Direção: Hiro Ishikawa
Duração: 71 minutos
Sinopse: As transformações, pelo acaso, da Vida de Dido, um coletor de dados de hidrômetros caseiros cuja obsessão é criar uma fórmula matemática para ganhar na loteria e ficar rico. A mania intensifica, tornando insuportável a convivência com a esposa e a filha. Até que, cansado com os infortúnios de sua criação, a humanidade má, Deus abandona a missão e se aposenta. Deixa os cuidados do mundo a um novo profeta, Dido, o “São Ateu”, agora poderoso, mas assediado pelo Diabo e pelas Religiões. E quem faz o papel de Deus é Paulo Cesar Pereio, em atuação sarcástica e inspiradora.
23/08
“Campada Maria”
Direção: Danilo Dias de Freiras
Duração: 104 minutos
Sinopse: O documentário apresenta a realidade precária de uma sociedade rural do continente africano, o vilarejo de Campada Maria, no norte da Guiné-Bissau. Registra os impactos sociais, culturais, econômicos e políticos com a criação de um novo sistema de irrigação da horta comunitária, base de subsistência e comércio do povoado.

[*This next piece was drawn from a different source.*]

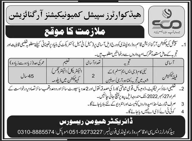 Special Communication Organization SCO Rawalpindi Jobs 2022 announce the Contract career opportunities for the post of See Below Ad in Punjab, Rawalpindi for the fresh and experienced candidates on Contract basis who have Check Advertisement degree. Posted date of this post is 20/12/2022 and the last date is 27/12/2022. if you are eligible for this job apply before due date.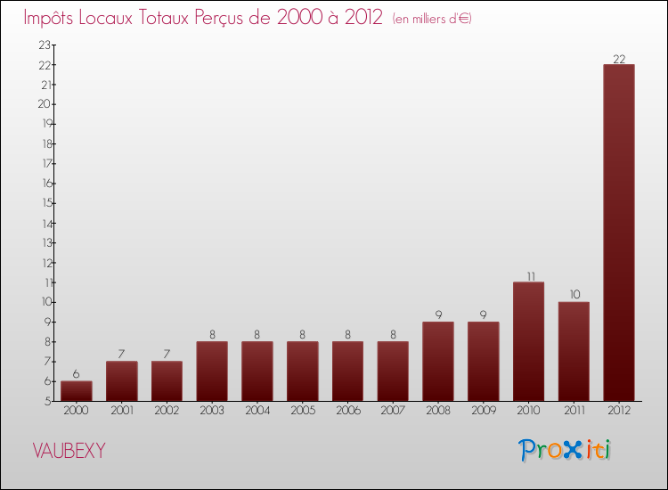 A Vaubexy, les impôts locaux par habitant ont donc augmentés de 228.3 % entre 2000 et 2012.

Pesquisadores brasileiros e guineenses, através do programa PROÁFRICA, cooperação científica entre o Brasil e países africanos, concebem uma infraestrutura tecnológica de bomba de sucção de água de poço artesiano, de inversor, de painéis solares e da construção da torre para a caixa d’água. O filme capta a impressão que a nova dinâmica do real incide ao movimento da comunidade.
Dia 23 de agosto, às 19 horas, no SESC-Campinas.
Entrada gratuita.
30/08
“Inscrições do Tempo no Corpo Presente”
Direção: Kit Menezes
Duração: 75 minutos
Sinopse: Documentário autobiográfico da diretora Kit Menezes, em que também exerce a função de atriz e performance apresenta memórias, traumas, cicatrizes, carências, fantasias, silêncios… O filme aborda as marcas do tempo na vida da autora em decorrência de uma morte trágica na família.
Dia 30 de agosto, às 19 horas, no SESC-Campinas.
Entrada gratuita.
31/08
“Haitianas”
Direção: Fernanda Viana
Duração: 15 minutos.
Sinopse: Marie, Norelia e Chantal, haitianas que vivem em Campinas, contam-nos e cantam sobre suas vidas.
“Ser Lua e o Caçador de Estrelas”
Direção: Rafaela Moreira Repasch
Duração: 4 minutos
Sinopse: Um menino mora numa casa no alto da colina, perto do lago e das estrelas. Morava com sua mãe, mas hoje mora com a saudade.
“A Mulher que Diminuía”
Às 19 horas, no SESC-Campinas. Entrada gratuita.
Direção: Laura Poli Mariucio
Duração: 13 minutos
Sinopose: Com um casamento arranjado pelos pais, a jovem Isaura começa a se envolver com André, um rapaz de sua vila.